***** SUPPLIED DATA

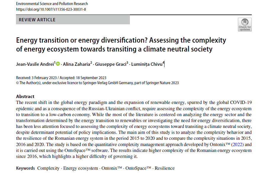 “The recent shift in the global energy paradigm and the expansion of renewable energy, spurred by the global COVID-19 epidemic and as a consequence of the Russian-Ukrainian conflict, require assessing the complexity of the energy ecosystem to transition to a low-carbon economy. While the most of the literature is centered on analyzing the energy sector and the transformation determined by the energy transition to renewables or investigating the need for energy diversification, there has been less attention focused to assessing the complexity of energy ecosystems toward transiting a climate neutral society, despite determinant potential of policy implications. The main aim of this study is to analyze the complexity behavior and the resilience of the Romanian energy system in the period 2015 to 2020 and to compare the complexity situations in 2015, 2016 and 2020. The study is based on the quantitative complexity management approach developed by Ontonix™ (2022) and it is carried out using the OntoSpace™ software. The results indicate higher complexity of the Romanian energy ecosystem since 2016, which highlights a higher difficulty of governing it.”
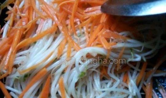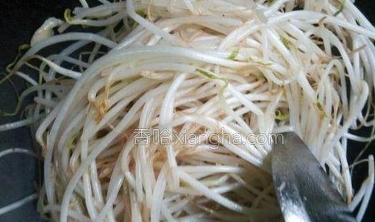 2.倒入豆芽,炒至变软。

**********
***** SUPPLIED DATA

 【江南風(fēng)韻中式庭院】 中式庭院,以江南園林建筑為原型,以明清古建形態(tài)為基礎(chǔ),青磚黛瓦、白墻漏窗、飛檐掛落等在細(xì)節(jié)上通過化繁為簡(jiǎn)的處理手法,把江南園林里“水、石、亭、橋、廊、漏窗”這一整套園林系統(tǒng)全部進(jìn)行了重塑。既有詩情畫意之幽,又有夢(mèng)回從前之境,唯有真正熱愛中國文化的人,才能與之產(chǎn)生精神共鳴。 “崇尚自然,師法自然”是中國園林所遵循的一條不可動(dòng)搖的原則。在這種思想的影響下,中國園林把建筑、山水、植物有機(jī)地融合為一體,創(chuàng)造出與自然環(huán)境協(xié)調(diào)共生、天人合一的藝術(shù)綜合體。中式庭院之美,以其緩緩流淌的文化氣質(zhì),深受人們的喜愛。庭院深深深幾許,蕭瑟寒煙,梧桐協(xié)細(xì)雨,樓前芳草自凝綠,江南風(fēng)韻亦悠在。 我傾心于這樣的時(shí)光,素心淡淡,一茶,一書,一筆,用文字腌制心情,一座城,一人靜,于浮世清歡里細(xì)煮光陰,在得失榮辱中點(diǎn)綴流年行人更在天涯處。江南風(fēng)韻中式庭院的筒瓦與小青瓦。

**********
***** SUPPLIED DATA

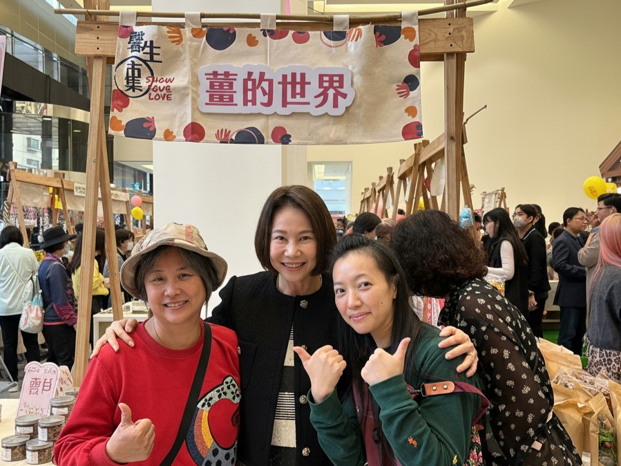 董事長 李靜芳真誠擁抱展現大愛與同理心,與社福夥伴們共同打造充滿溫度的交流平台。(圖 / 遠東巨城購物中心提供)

**********

→ INSTRUCTIONS TO FOLLOW
Your answer should be the exact lines above from the one containing "recent shift in" through the one containing "2.倒入豆芽,炒至变软。", with both end lines kept and the pictures removed, please.

→ PROBLEM SOLUTION
 “The recent shift in the global energy paradigm and the expansion of renewable energy, spurred by the global COVID-19 epidemic and as a consequence of the Russian-Ukrainian conflict, require assessing the complexity of the energy ecosystem to transition to a low-carbon economy. While the most of the literature is centered on analyzing the energy sector and the transformation determined by the energy transition to renewables or investigating the need for energy diversification, there has been less attention focused to assessing the complexity of energy ecosystems toward transiting a climate neutral society, despite determinant potential of policy implications. The main aim of this study is to analyze the complexity behavior and the resilience of the Romanian energy system in the period 2015 to 2020 and to compare the complexity situations in 2015, 2016 and 2020. The study is based on the quantitative complexity management approach developed by Ontonix™ (2022) and it is carried out using the OntoSpace™ software. The results indicate higher complexity of the Romanian energy ecosystem since 2016, which highlights a higher difficulty of governing it.”
 2.倒入豆芽,炒至变软。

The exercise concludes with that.